He nudged me hard in the ribs. “Can
you see it, man? The tents. The banners. The food stands.”
“Food stands?”
I caught his feigned astonishment
from the corner of my eye. “Man do not live by pussy alone,” he
said gravely. When I reckoned how he might be right, he went on.
“Culturally coordinated, too, my
man.”
“How’s that?”
“You know, man, like we got one
tent set up for the regular trade. Missionary position types. Right
next store we got some comfort food. Strictly meat and potatoes.

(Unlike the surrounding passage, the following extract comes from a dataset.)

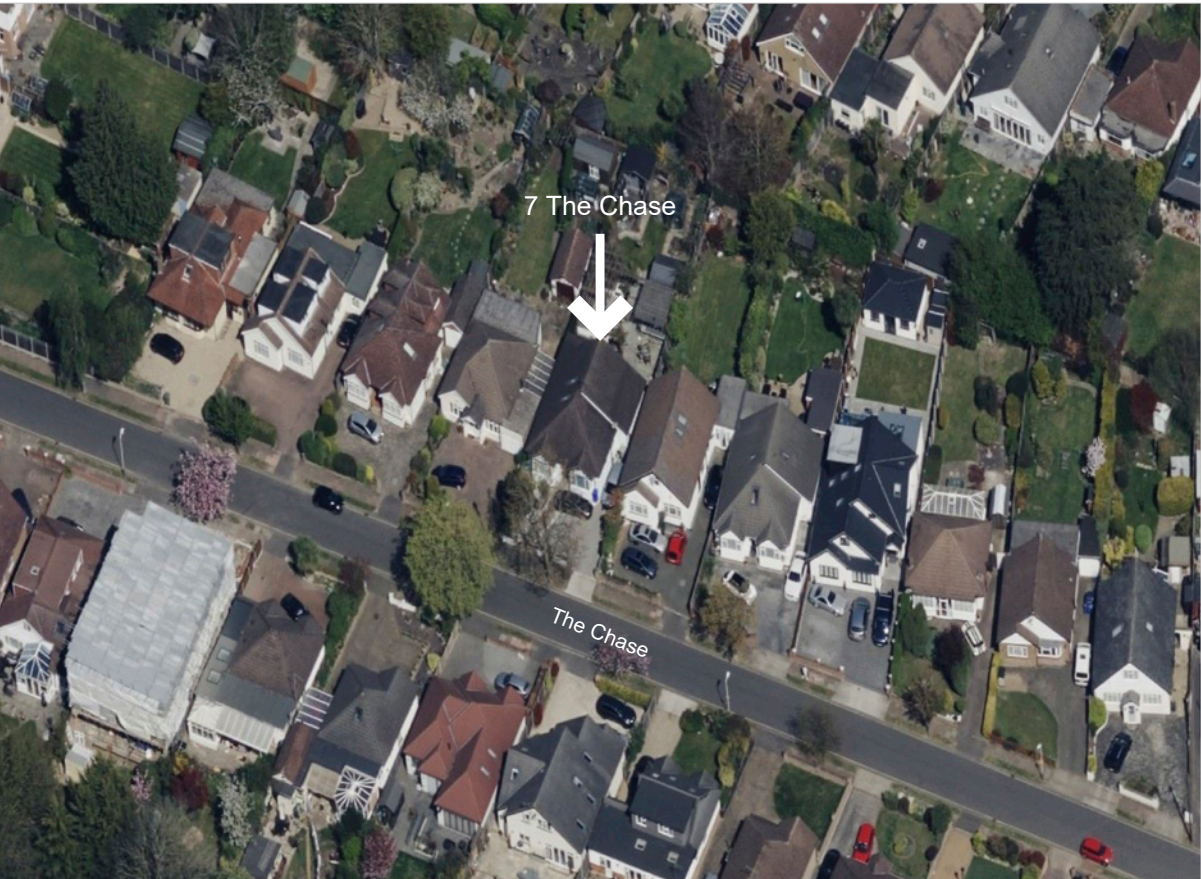
_____ Aerial Photo From South 1

Grits and gravy. That kinda shit.”
“Oh?”
He cut a swath with his hand. “’Cross
the way we got the Greek tent. You know…for the backwards types.”
I pulled one hand from the wheel and
held it up. “No. No. Let me guess. Dolmas, kabobs, and rice pilaf.”
He grinned and nudged me again. His
big head bobbed up and down like one of those spring-loaded dolls. “I
knew you was a man of vision, Leo.”
Vision was precisely what I didn’t
have. The Explorer needed new wipers. Despite slapping back and forth
at breakneck speed, the worn blades merely flattened the intermittent
rain across the glass, smearing the muck into pulsating blobs of form
and color that reminded me of long-ago light shows and psychedelic
drugs. The unwanted memory tightened my lower jaw and sent a shiver
sliding down my spine. I clapped my free hand back onto the wheel and
scrunched down in the seat, peering out at the thick traffic through
a small, unsullied crescent of glass at the bottom of the windshield.
Baby G snapped me back.
“That’s why you got to help me
out wid this,” he said.
“Ain’t nobody else could do it
but you, man.”
I shook my head. “You got to get
real here, G. No way anybody is going to give you a city permit to
stage…” I looked over at him. “What did you say you wanted to
call it?”
He wore a blue silk suit.
Three-piece. Tailored to him like it was made of iron. And a bright
yellow tie.
“Ho-Fest Two Thousand,” he said.
“Not gonna happen in any city park,
man. No point even talking about it.”
As G opened his mouth to protest, I
leveled him with the coupe de grace. “Even my old man couldn’t
have pulled that shit off,” I said.
He recognized this as a serious
rejoinder, indeed. His face clouded. He closed his mouth so hard he
looked like a large-mouth bass and then began staring sullenly out
through the windshield.
My old man had parlayed an early
career as a union thug into eleven terms on the Seattle City Council.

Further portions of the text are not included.